This tiny woman remained silent for a long time, her gaze lost in memories or perhaps in regret for what might have been. Then she added a final thought. “It was a complete waste. It didn't help anyone and I was cheated. They took away a part of my life.”

In late May 2005, my mother paid the widow a visit, and they spoke for a long time. Mama was also struck by her quiet tone and heavy sadness. When she left, she called me from her cell phone on her way home. My mother is a person who believes in moving on, in always looking forward, in reconciliation and forgiveness. She is sustained by her strong, fervent faith. But that afternoon, her voice was shaking. She told me, “You see, Mario, I listened to her for a long time. It made me think
again of my children, of Papà Gigi, of all the people that we've met over the years who haven't found the strength to go on living, of what the terrorists did to us, of how we were all left alone, and how the parade passed us by.

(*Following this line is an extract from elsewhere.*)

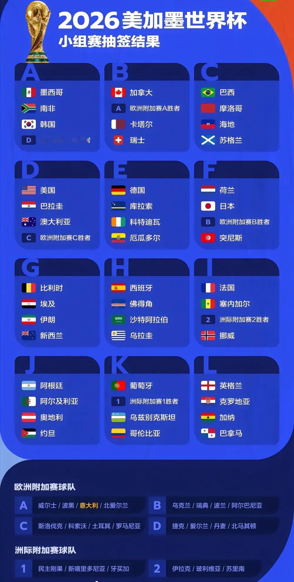 2026年美加墨世界杯抽签分组结束!超级死亡之组并未出现,但法国和挪威被抽到了同一小组,姆巴佩与哈兰德将在小组赛直接对决,巴西与摩洛哥同组,巴西主帅安切洛蒂表情耐人寻味。 而葡萄牙与阿根廷均是上上签,小组出线应该均不成问题。最新世界杯夺冠赔率也来了:第三名是法国,第二名为巴西,第一名是西班牙!
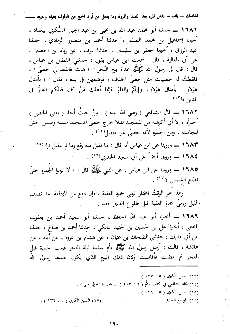 1685 - وَرُوِّينَا، عَنِ ابْنِ عَبَّاسٍ، عَنِ النَّبِيِّ صَلَّى اللهُ عَلَيْهِ وَسَلَّمَ قَالَ: § «لَا تَرْمُوا الْجَمْرَةَ حَتَّى تَطْلُعَ الشَّمْسُ» وَهَذَا هُوَ الْوَقْتُ الْمُخْتَارُ لِرَمْي جَمْرَةِ الْعَقَبَةِ، فَإِنْ دَفَعَ مِنَ الْمُزْدَلِفَةِ بَعْدَ نِصْفِ اللَّيْلِ وَرَمَى جَمْرَةَ الْعَقَبَةِ قَبْلَ طُلُوعِ الْفَجْرِ فَقَدْ

We were too nice about it, too patient.”

9.
the chamber of deputies

T
HERE IS A POINT
when the normally mild-mannered, easygoing, civic-minded people who go by the reassuring name “the relatives of the victims” start to grow restive. They rebel, they speak out. Not that anyone notices. In a country that's used to full-throated protests, to people lying down on railroad tracks or occupying the stage at pop music festivals, the relatives' words fly well under the radar. Their protest takes the form of angry letters or threats to return commemorative medals. Respect for the dead prevents them from giving full vent to their feelings, but the pain underlying these small gestures is of terrifying dimensions.

These sudden eruptions never stem from a single provocation. They always come after a series of insults, affronts, slights. I have developed a key to understanding these outbursts through my passion for cataloging. I've learned to predict and sometimes even staunch them, warning government officials that malcontent was growing and would soon erupt, somewhere. Luckily not everyone turns a deaf ear. Some officials have shown that
they understand these delicate moments and, in silence, without fanfare, without seeking political gain, have tried to heal the pain.

One such instance was the day in July 2004 when, after years of stalling, Parliament finally approved in committee, by a unanimous vote, new regulations to benefit the victims of terrorism and massacres. Shortly thereafter, however, problems arose with funding the measure. So for many victims, the promised restitution has been a dead letter. Five years have gone by and the law has still not been fully implemented. Exasperation has led some family members to take a step that they would never have contemplated earlier: they decided to file suit against the state.

The malcontent of the families comes from their sense that the state has ignored or abandoned them. Their feelings are easily understood in light of an unfortunate series of events in spring 2006 that combined chance, carelessness, and a remarkable lack of political, historical, and cultural sensitivity. On May 31, a few days after he was sworn in as president of Italy, Giorgio Napolitano issued a pardon to Ovidio Bompressi, the convicted murderer of my father. The decision had actually been made and finalized under the previous president, Carlo Azeglio Ciampi. The only thing that Napolitano did was affix his signature to the document.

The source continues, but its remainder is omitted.